Diana (Artemis) of the Ephesians
DIANA (ARTEMIS) OF THE EPHESIANS
The Latin name Diana was adopted by the Old Latin and the Vulgate as the equivalent of the Greek Artemis (Acts 19:24–40). The Artemis of Ephesus had or was given certain Greek traits characteristic of Artemis on the mainland of Greece, but she was essentially a Greek adaptation of the Great Mother-Goddess of Asia Minor. She was at once a mother-goddess and a virgin-goddess of the woods and hills. Her temple at Ephesus was regarded as one of the Seven Wonders of the World. In the Hellenistic and early Roman period her worship was the most important of the cults of Asia Minor, and she was venerated throughout the whole Mediterranean area. The chief priest in her worship was a eunuch, but she was served also by maiden priestesses who held office for a fixed time and were then free to marry. Sacrifices of food, libations, incense, and, more rarely, animal victims were made to her. Her main festival, the Artemision, was celebrated with great pomp in the month Artemisios (March 24–April 24). Her temple was widely recognized as an asylum for fugitives and, in particular, for runaway slaves.
The goddess herself, who was called "the great Ephesian goddess Artemis" and "Artemis of the Ephesians," among other titles, was originally represented as nude or draped, sitting or standing, with accompanying symbols. Before the 4th century b.c., there is no trace of the representation of the goddess as a multibreasted standing figure. The earliest dated examples of this type come from Ephesus and Tralles (133 b.c.). The headdress, the numerous breasts, the animals and birds depicted among the bands covering the lower part of her body all point to the Oriental character of her cult and to her identification as a syncretistic divinity of fertility.
The cult of Artemis played a major role in the economic life of Ephesus as well as in its religious life. Her rich temple served not only as a center of cult and pilgrimage but also as an important bank. Accordingly, it is easy to understand the hostility that St.
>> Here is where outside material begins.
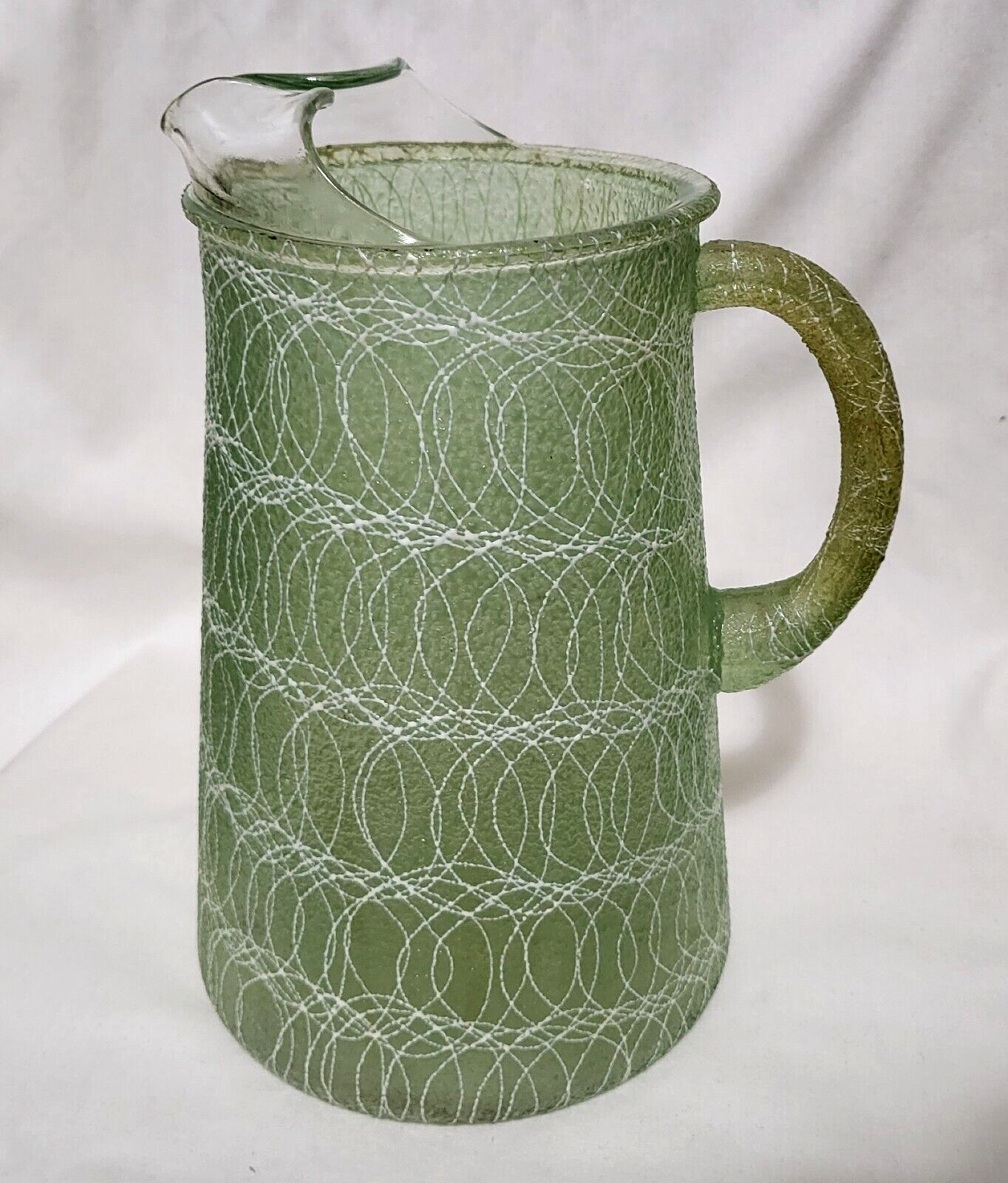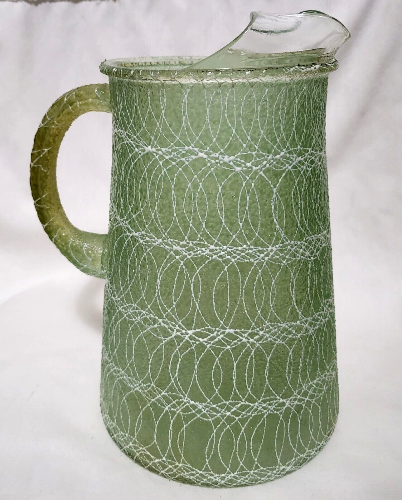 Mid-Century Atomic Avocado Green Spaghetti Drizzled Patterned Pitcher
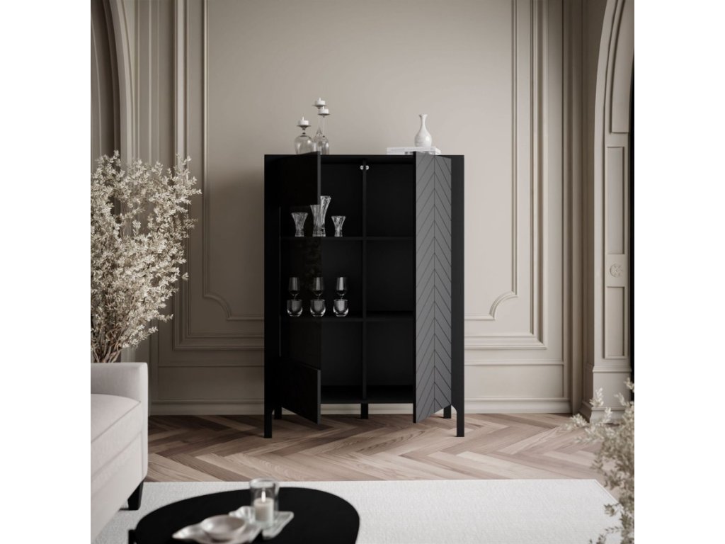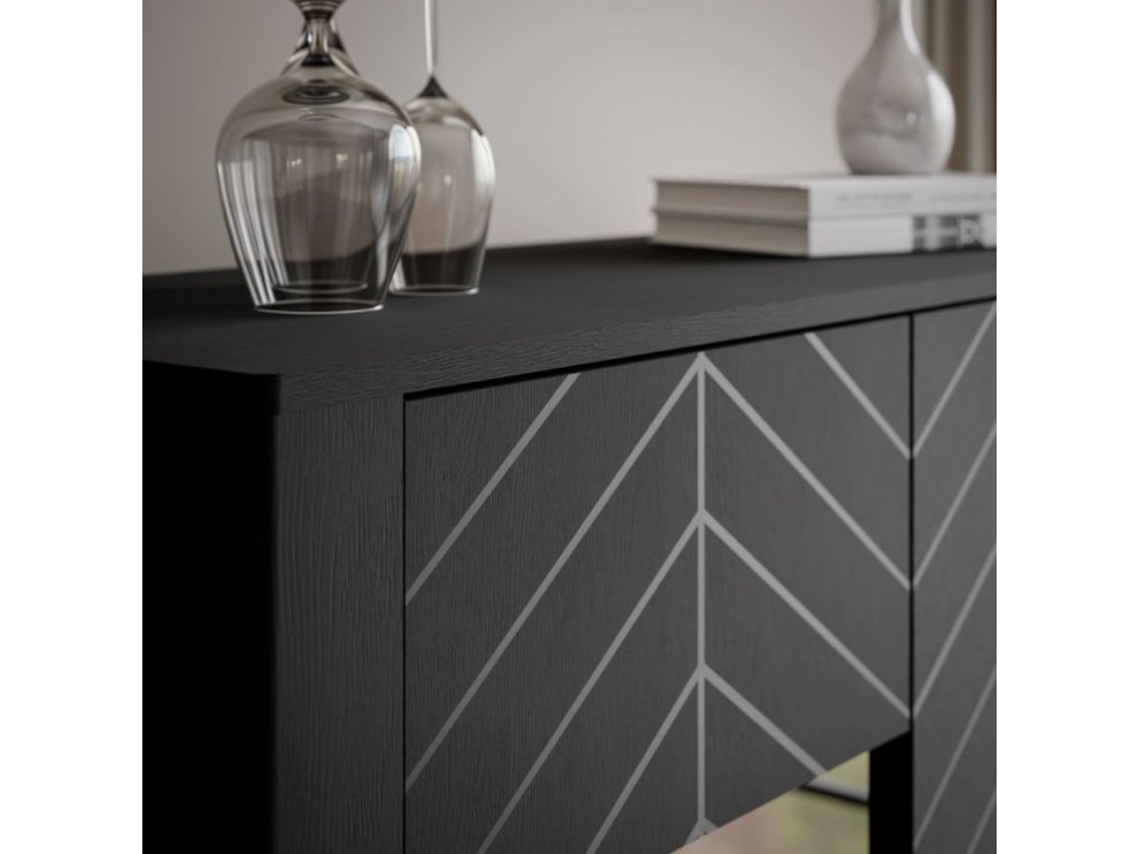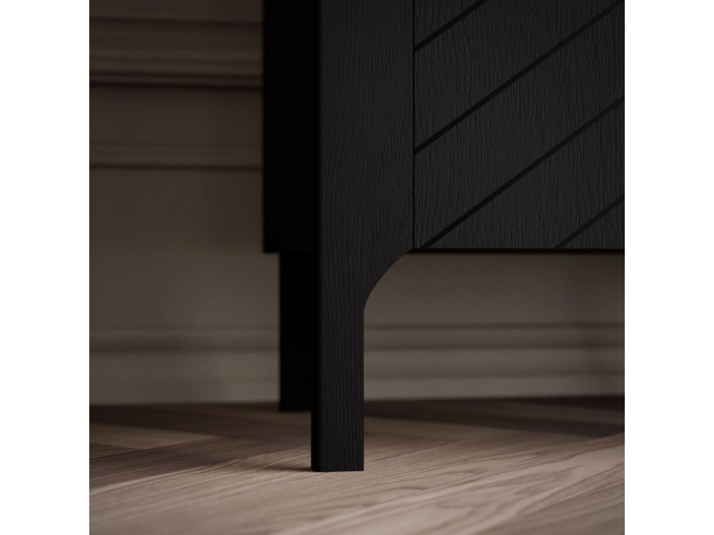Nábytok z tejto série sa vyznačuje precíznym remeselným spracovaním a prepracovanými detailmi, ktoré mu dodávajú jedinečný charakter. Výrazné predné strany zdobené UV potlačou v tvare rybej kosti dodávajú hĺbku, zatiaľ čo štíhle kovové nohy dodávajú nádych ľahkosti a jednoduchého čistenia. Kolekcia je dostupná v dvoch farebných prevedeniach – kašmírovo matnej a čiernej s viditeľnou drevnou štruktúrou , vďaka čomu sa nábytok hodí do rôznych interiérových dizajnov.

Paul's successful preaching aroused among craftsmen and others deriving their livelihoods from her cult.
Bibliography: l. r. taylor, "Artemis of Ephesus," f. j. foakes jackson and k. lake, eds., The Beginnings of Christianity: pt. 1, Acts of the Apostles, 5 v. (London 1920–33), Part 1, v.5 (London 1933) 251–256. p. antoine, Dictionnaire de la Bible, supp. ed. l. pirot, et al. (Paris 1928–) 2:1076–1104. f. miltner, Ephesos, Stadt der Artemis und des Johannes (Vienna 1958).